Font2targa UTf-8 encoding

**dolorosa** · 26.02.2021 23:11

Hi guys, as a part of this worldwide community, I am willing to share some of my experiences with all of you.
I have recently planned to create a font for Gothic 2 Returning. Everything worked fine, but not as I wanted. I have asked a guy to implement support for UTf-8 encoding into the software called font2targa. He did it, BUT the reason why I wanted it, it was to have my own romanian letters with diacritics(Ă ă Î î â Â Ș ș Ț ț)-> the last four letters are comma below and not cedilla ones. Cedilla ones are similar, but they aren't the same thing(they are supported by windows 1250 encoding). All I want is the comma below ones. UtF-8 is the only that has support for them. So after I created the font with the new encoding(UTF-8), entered the game I noticed that the letters with comma weren't shown, and the ones with circummflex and breve were replaced by other letters. I will leave the link with the tool, maybe someone who has more knowledge is willing to help within this matter. If you want to test it, run it from:Font2Targa/bin/Debug folder

https://drive.google.com/file/d/1HCJ...ew?usp=sharing

**Lehona** · 26.02.2021 23:21

I don't think a utf-8 aware font will help you if the game itself does not use utf-8.

**dolorosa** · 26.02.2021 23:31

Zitat von Lehona

I don't think a utf-8 aware font will help you if the game itself does not use utf-8.

But how does it come that the text file of my translation database that I import with easy Gothic mod translator is utf-8,and it works?

**TopLayer** · 27.02.2021 03:58

Imagine russian text "Блин".
According to the Unicode symbol table it is the sequence of numbers "1041 1083 1080 1085".
Any compiler must have the way to store this sequence of numbers as the sequence of bytes.
Russian version of Daedalus compiler use cp1251 encoding algorithm to convert the sequence of numbers to the sequence of bytes: "193 235 232 237" (if some Unicode numbers can not be represented in this encoding they are removed or replaced). This sequence is stored in DAT file.

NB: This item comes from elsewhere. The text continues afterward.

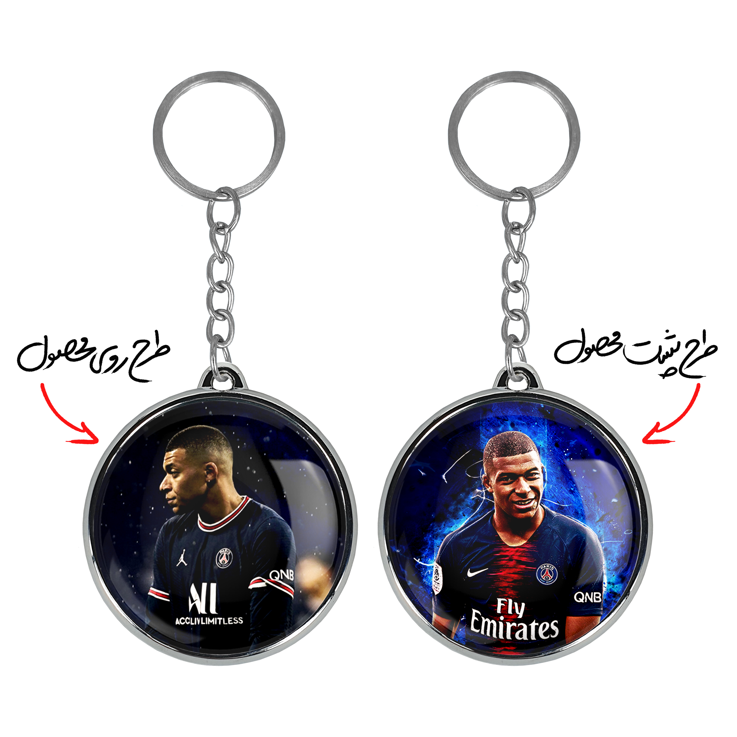 جاکلیدی دوطرفه کیلیان امباپه خندالو محصولی کاربردی و جدید است که در هر دو سمت محصول، تصویری متفاوت اما از یک موضوع چاپ شده و تفاوت اصلی آن با جاکلیدی های یک طرفه در همین است که هر دو سمت پشت و روی جاکلیدی، طرحی دیدنی و جذاب دارد.

Gothic text printing system has no info about language or encoding in wich strings are stored. It just get numeric value of each byte of the string, select the cell according to that NUMERIC value from the font texture you provided and draw that piece of texture on the screen.

Imagine you want to translate the mod to romanian. You open Easy Gothic Mod Translator and explicitly select the language you want to translate from! You choose from RU to RO. The tool reads the sequence of bytes "193 235 232 237" from the DAT file and, because you choosed "from RU", supposes that these bytes are cp1251 representation of the string, uses cp1251 decoding algorithm and gets the number sequence "1041 1083 1080 1085". Then it uses UTF-8 encoding algorithm and gets bytes "208 145 208 187 208 184 208 189", which are send to the Google service. Google translate it and sends back the string "Clătită" in UTF-8 encoded representation "67 108 196 131 116 105 116 196 131". EGMT accumulates these UTF-8 encoded bytes of russian and romanian strings, adds other info and stores it in the text file you can edit by any modern text editor.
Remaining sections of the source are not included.